最終話 そしていつも通り
一時、執筆中の手が止まり、紙から離れる。その一連の動作が今までは空想なのだと、ここは現実だと思い出す。
「うーん……。ここからは、どう話を進めようかなあ? きちんとプロット作っておけば良かったなあ」
ボールペンを机の上に置き、独り言を言うのは夫だった。どうやら夫は自室にこもり、娘に聞かせる新しい昔話を考えていたらしい。
そこに妻が扉を開け、部屋に入る。
「あなた、お茶が入ったわよ。」
「うん、ありがとう。」
深々と椅子に腰掛けながら、妻にお礼を言う夫。
妻は夫の側まで歩いて行き、机の上にお茶を置きながら夫に声をかける。
「少し休んだら? あなた」
「そうだね。でも大丈夫だよ、もう少しで書き終わるから」
妻の気遣いに心暖まる夫。しかし、妻は夫の肩に右手をかけるとドスのきいた声で話かける。
「ふーん……? 書き終わるって、何が?」
「え……?」
夫の肩にかけられた右手は鷲掴み状態になり、じわりじわりと夫の肩に妻の指がめり込んでいく。

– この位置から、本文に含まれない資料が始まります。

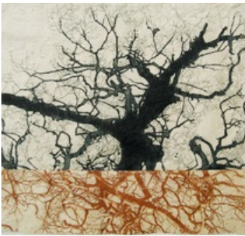
Three trees have fallen 2011 2 plate etching on handmade paper, edition of 5 (4 of 5 editions remaining) 52cm x 54cm
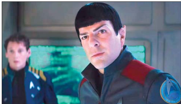
Left stranded in a rugged wilderness, Kirk, Spock (Zachary Quinto) and the rest of the crew must race to find an escape.
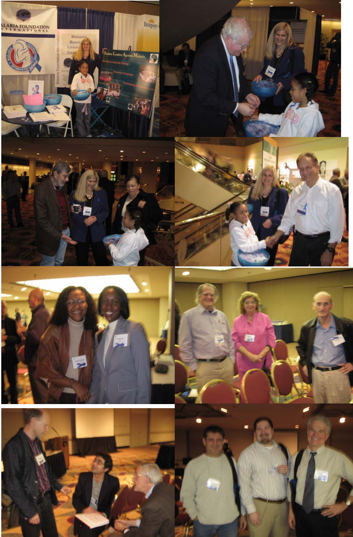
55 th Annual American Society of Tropical Medicine & Hygiene Meeting (ASTMH) Atlanta, GA, USA
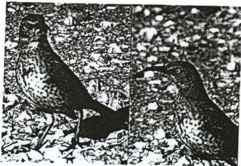
Curve-billed Thrasher, Manona County, 13 May 1988.

The wing bars and distinctly mottled underparts indicate that the bird was of the more southerly race, Toxostoma curvirostre curvirostri . There are three other records of Curve-billed Thrasher in Iowa: 25 June 1975 at Spirit Lake, September 1980 to March 1981 at Rathbun Reservoir, and 17 November to March 1981 near Solon.
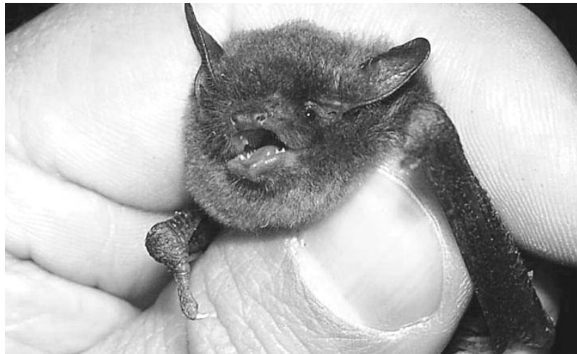
In 2009, a Michigan resident unfortunately died from rabies that he contracted from a bat exposure.

Do not let pets roam free. Spay or neuter pets to reduce
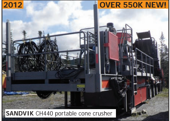
SANDVIK CH440 portable cone crusher
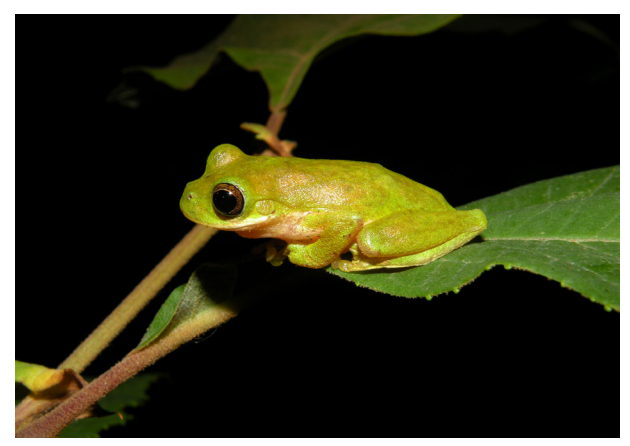
No. 5. Rheohyla miotympanum (Cope, 1863). The Small-eared Treefrog occupies the "highlands of Nuevo León and Coahuila (Sierra Madre Oriental) to Guanajuato (Sierra Santa Rosa), Hidalgo, and Oaxaca, adjacent Veracruz, and central Chiapas in eastern and central Mexico" (Frost 2019). This individual was located at San Mateo, in the municipality of Acaxochitlán. Wilson et al. (2013b) determined its EVS as 9, placing it at the upper limit of the low vulnerability category. Its conservation status has been considered as Near Threatend by the IUCN, but this species is not listed by SEMARNAT.
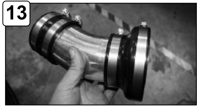
Attach couplers with clamps to intake tube.
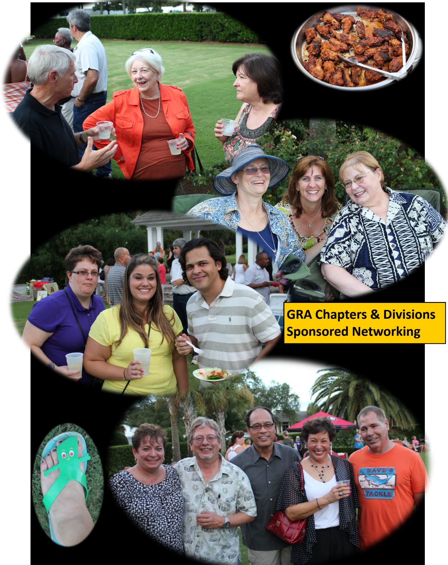
GRA Chapters & Divisions Sponsored Networking
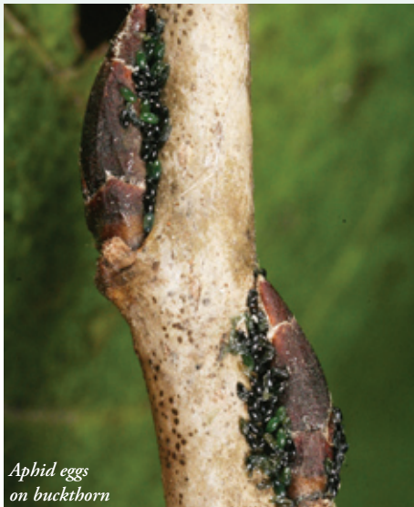
Aphid eggs on buckthorn
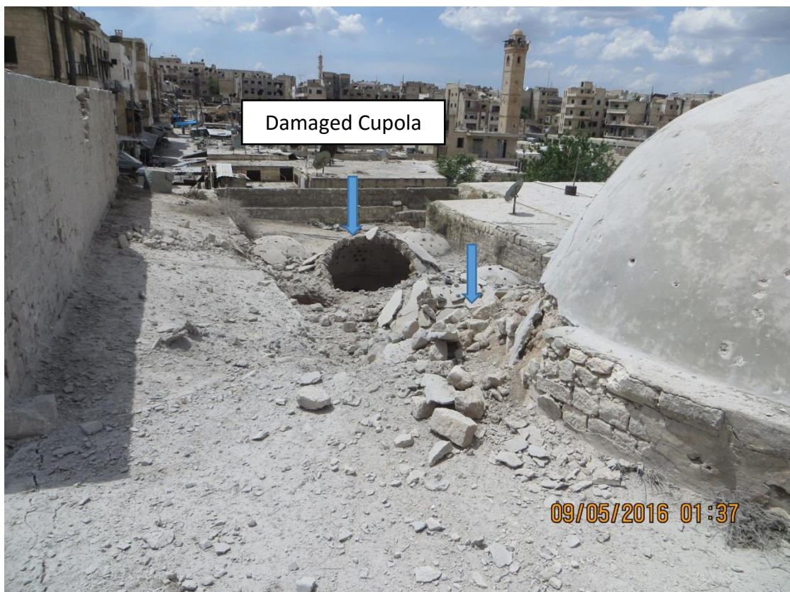
Roof of the Bathhouse (Hammam)

「ねえ……、肩に爪が食い込んできて痛いんだけど……」
「あなた……また馬鹿な昔話を考えてたんだ……」
妻の顔からは少しずつ笑みは消え、机の上に置かれていた昔話は、妻の左手により回収されていた。
「あの……、それ……」
「娘に変な事を吹き込むなって……」
おどおどする夫。妻はそんな夫の前で昔話を両手で掴むと……。
「何度言ったら解るのよーーーー!!!!」
有らん限りの力で細切れに破り捨てた。
「あーーーー!!!! なんて事をするんだ!! ここからが面白くなる所なのに!!」
大声を出す夫。だが妻はしっかりと夫を叱りつける。
「何が面白くなるよ!! あれだけ娘に変な話を聞かせるなって言ってるでしょ!? どうしていつもそうなの!?」
その妻の言葉を聞いた夫は至極当然とばかりに、こう答えた。
「そこに、昔話があるから」
「馬鹿じゃないの!?」
即答する妻。しかし、夫は今回の話は自分の中ではかなりの自信作だったのか、珍しく妻に言葉を返す。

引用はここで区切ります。